Thanks for initiating this useful discussion with respect to the effects of COVID-19 on the methodology producing official statistics. At Statistics Netherlands, we tried to anticipate which effects an economic downturn due to COVID-19 might have for the production of different business statistics. Such an analysis was not available yet at our office. I was involved in a group looking into effects on the short-term business statistics (STS). We looked into different processes of making the STS, from input (the response fractions), throughput (editing, imputation, analysis) to output (e.g. making timelier output). We worked on various adaptations, for instance on the editing an imputation process. So far, we were using a score function for selective editing where units with a large or small growth factors (period-to-period, or year-on-year) lead to extreme values of the score function; those units are passed on to manual editing. However, in COVID-19 many businesses had a an extreme growth rate and therefore this score function was not so informative anymore. We therefore developed a new, alternative score function. We also made adaptations to other processes. For instance we computed alternative imputation values, making use of a newly available data source. Furthermore, we intensified our analysis stage which is used to validate the results: we added a large number of checks on the outcomes. From 14-17 September 2021 there was an European Establishment Statistics Workshop (EESW21) where this work was presented. The programme and the abstracts can be found at https://statswiki.unece.org/display/ENBES/EESW21+Programme, the accompanying papers will be available by end of October.

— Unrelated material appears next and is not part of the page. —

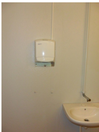
Toilet i Vejers by

I believe that it would have been very useful when experiences from different countries / NSIs were available on the robustness of methodological steps to economic downturns and on how to improve this robustness. That could assisted NSIs to make their processes more robust. To give an example of this usefulness, at the same EESW21 workshop there was a session on the effect of COVID-19 on seasonal adjustment. Different NSIs were struggling with similar issues and the exchange of ideas of how to make use of certain types outliers to improve the seasonal adjustment was very useful.
The COVID-19 crisis was not the first economic downturn and it will very likely not be the last one. It would therefore be very useful when more research is being done in how various methodological steps can be made more robust for the more extreme situations.